In co-pending U.S. patent application Ser. No. 10/932,371 published as US Patent Publication US 2005-0074663, the Applicants teach that the low current densities of a biofuel cell may be overcome by constructing a fuel cell comprising an electrode consisting of a microporous current collector that incorporates a multitude of domains, wherein each domain contains a soluble redox catalyst. Neither the catalyst nor the electron transport mediator are immobilized in any fashion within the domain but are instead in fluid association with one another The fluid association of these elements of the electrode is unique and responsible for a more efficient system than heretofore described. In spite of the advance in the art provided by this system, preferred electrodes of this type still require a membrane or presence of a membrane or other barrier to separate the anode and cathode.
It is well accepted in the art of fuel cell design and manufacture that a membrane or other barrier is required to physically separate the anode and cathode.
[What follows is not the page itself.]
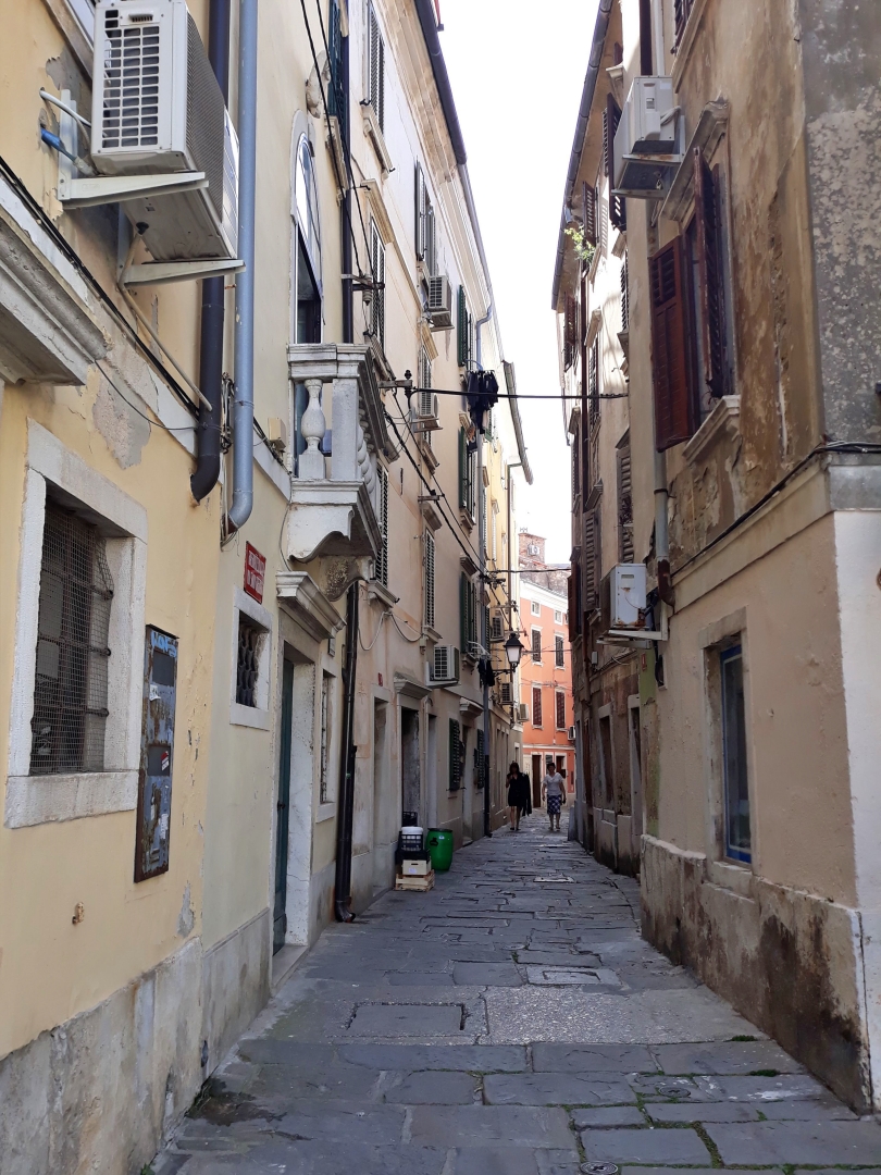 Reilun viiden tunnin autossa köröttelyn jälkeen kärsivällisyytemme palkittiin ja saavuimme rannikkokaupunki Piraniin. Vielä piti saada vietyä auto pysäköintihalliin kaupungin laitamille, sillä kaupungin sisällä ei parkkipaikkoja ole – vain muutamia paikkoja lyhytaikaiseen pysäköimiseen, ja silloinkin kaupungin sisälle ajaminen on maksullista. Mies kippasi minut ja matkalaukut kaupunkiin, vei auton ja tuli kävellen majapaikkaamme.

As such, a tremendous volume of literature exists that describe preferred materials for proton exchange and details of each material's proton transport and conductivity, etc. Recent work by Mano, N. et al. (J Am Chem Soc. Nov. 6, 2003 ; 124(44):12962-12963; Chem Commun (Camb). Feb. 21, 2003; (4):518-519; J Am Chem Soc. May 28, 2003 ; 125(21):6588-94; Proceedings, Electrochemical Society 2003, 2002-25 (Micropower and Micro-devices): 176-182; and WO 03/106966 A-2; see also, Heller, A. “Miniature Biofuel Cells” (Review) Phys. Chem. Chem. Phys. 2004, 6:209-216) has suggested that modifying the conformation of the fuel cell elements may mitigate the need for a membrane per se. Specifically, this group describes miniature membrane-less biofuel cells, that operate at up to 0.78 V under physiological conditions. The anodic electrocatalyst was comprised of a glucose oxidase and an anode redox polymer mixture, crosslinked onto the surface of a carbon fiber in the form of a swollen hydrogel; likewise, the cathodic electrocatalyst was created by a hydrogel of bilirubin oxidase and a cathode redox copolymer crosslinked onto the surface of a second carbon fiber. Although no membrane is used in this system per se, immobilization of the cathode and anode in the hydrogel effectively produced a barrier, separating these elements of the cell.
The work of S. Topcagic and S. Minteer (Abstracts of Papers, 227th ACS National Meeting, Anaheim, Calif., Mar. 28-Apr. 1, 2004; American Chemical Society, Washington, D.C.) teach a membraneless ethanol/oxygen biofuel cell. Specifically, these authors have utilized enzymes at the cathode and anode. However, the enzymes are immobilized and may not be freely accessible to the fuel.
A need exists therefore for the development of a membrane-free biological fuel cell having redox catalyst- or enzymatic redox catalyst-based electrodes that are capable of generating useful current densities.
Applicants have solved the stated problem by the design of a fuel cell electrode that comprises the redox catalyst and substrate in fluid association with each other within a microdomain of the electrode; and when these electrodes are used in a fuel cell, no membrane is required for the separation of the anode and the cathode and requisite components.